◆ What you have to do
Please copy exactly the lines from the one containing "由陈艾森、谢思埸两位奥运冠军" to the end of the entries, both included, and nothing else. Omit every picture.

[Dataset items]

'''

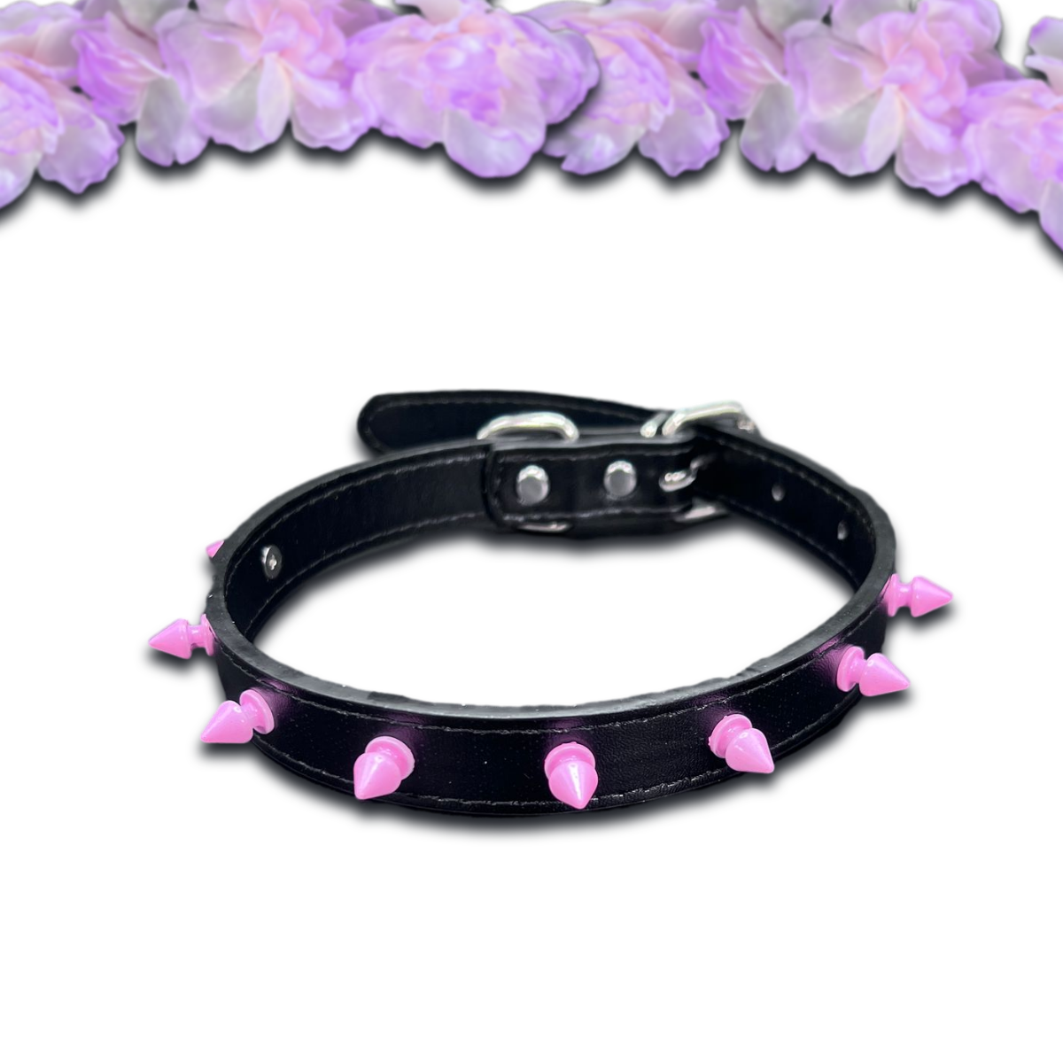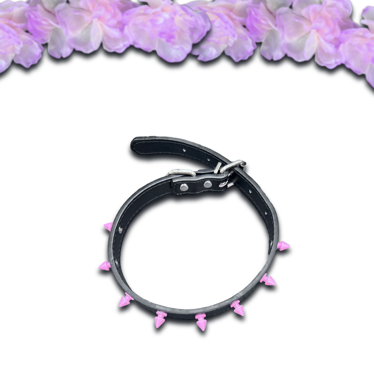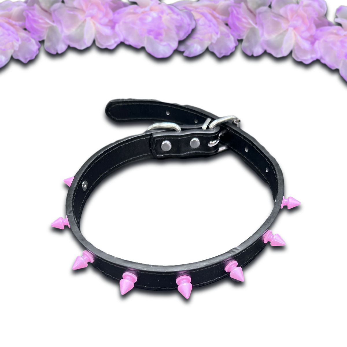 Embrace the edgy charm of pastel goth with this striking faux leather choker! Made from smooth black faux leather and accented with soft pink spikes, this choker is the perfect blend of cute and rebellious. Its durable yet comfortable design makes it ideal for daily wear or as a standout piece for special occasions. Whether you're adding a bold touch to your pastel goth look or simply want to showcase your unique style, this choker necklace is sure to turn heads. Let your personality shine with this beautifully contrasting accessory!
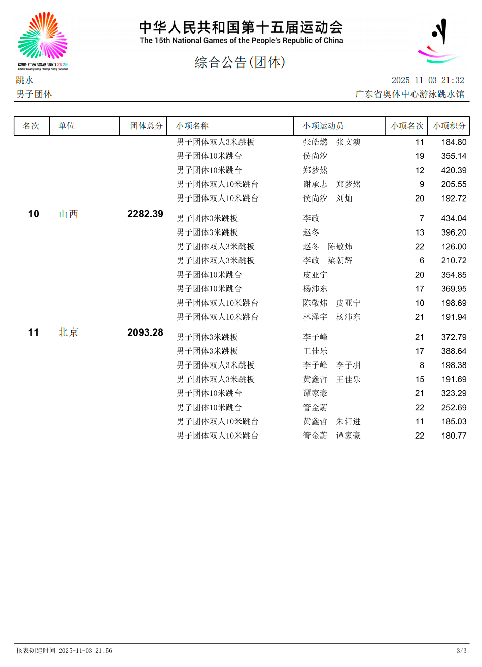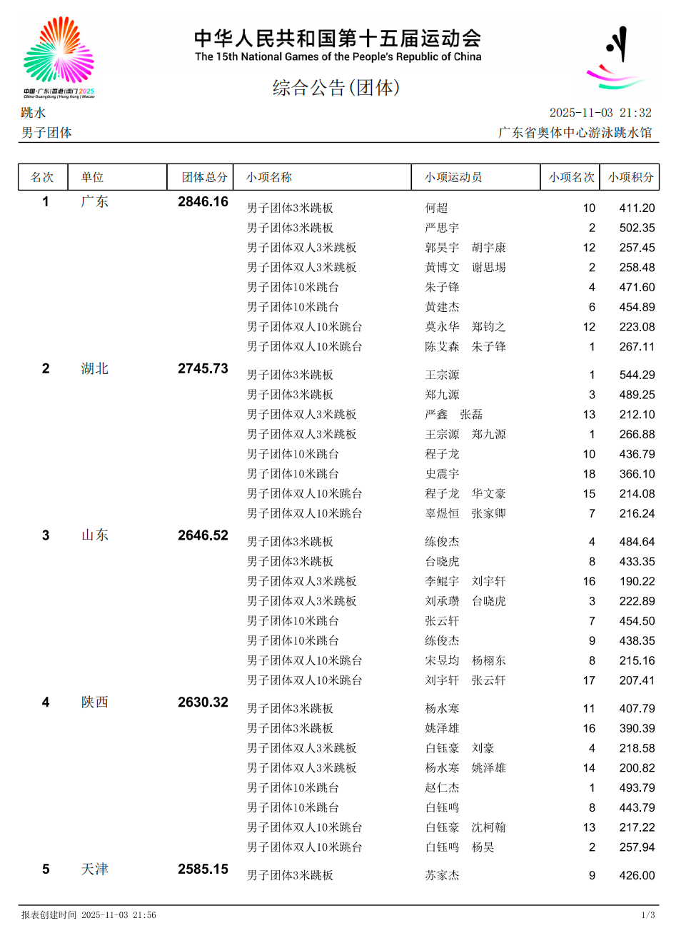 由陈艾森、谢思埸两位奥运冠军领衔的广东跳水男队以2846.16分的总成绩于11月3日晚成功卫冕全运会跳水男子团体金牌。由王宗源领军的湖北队以2745.43分位居第二。上届全运会该项目亚军山东队以2646.52分的成绩再次成功登上领奖台。
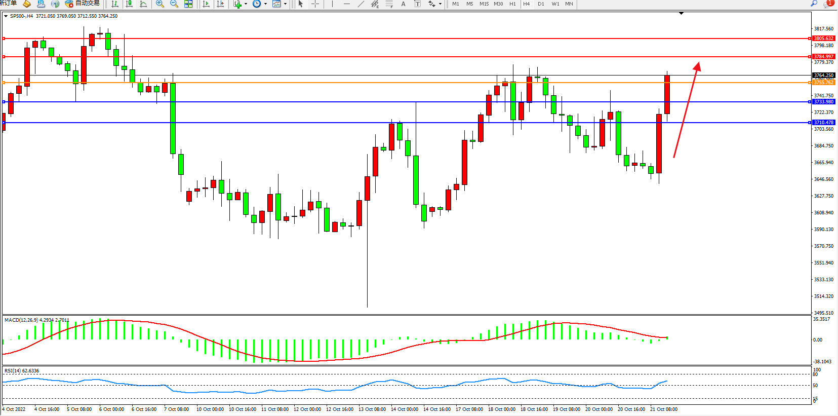标普SP500——4小时K线图显示:
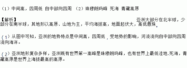 (1)亚洲地势特点是______ __ ,受地势的影响,河流流向______ _______。(方向)
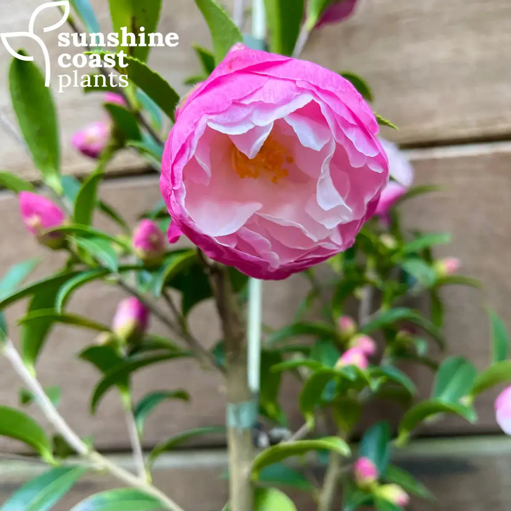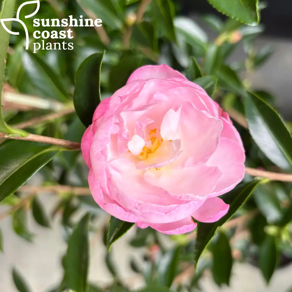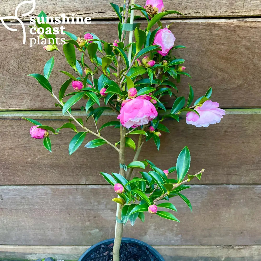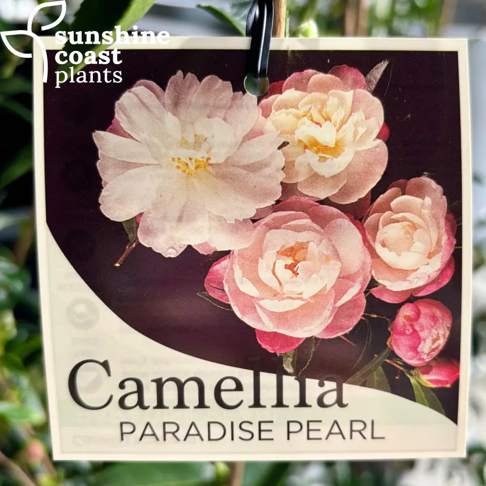 Camellia sasanqua 'Paradise Pearl' is a graceful evergreen shrub that produces semi-double, pure white blooms with a delicate blush of soft pink at the edges. Flowering from autumn to early winter, these elegant blooms stand out beautifully against the deep green, glossy foliage, bringing a classic charm to shaded and semi-shaded areas. Growing to a height of 1.5–2.5 meters, 'Paradise Pearl' is an excellent choice for hedging, screening, or as a feature plant in garden beds and containers.

'''

◆ Completed exercise
 由陈艾森、谢思埸两位奥运冠军领衔的广东跳水男队以2846.16分的总成绩于11月3日晚成功卫冕全运会跳水男子团体金牌。由王宗源领军的湖北队以2745.43分位居第二。上届全运会该项目亚军山东队以2646.52分的成绩再次成功登上领奖台。
标普SP500——4小时K线图显示:
 (1)亚洲地势特点是______ __ ,受地势的影响,河流流向______ _______。(方向)
 Camellia sasanqua 'Paradise Pearl' is a graceful evergreen shrub that produces semi-double, pure white blooms with a delicate blush of soft pink at the edges. Flowering from autumn to early winter, these elegant blooms stand out beautifully against the deep green, glossy foliage, bringing a classic charm to shaded and semi-shaded areas. Growing to a height of 1.5–2.5 meters, 'Paradise Pearl' is an excellent choice for hedging, screening, or as a feature plant in garden beds and containers.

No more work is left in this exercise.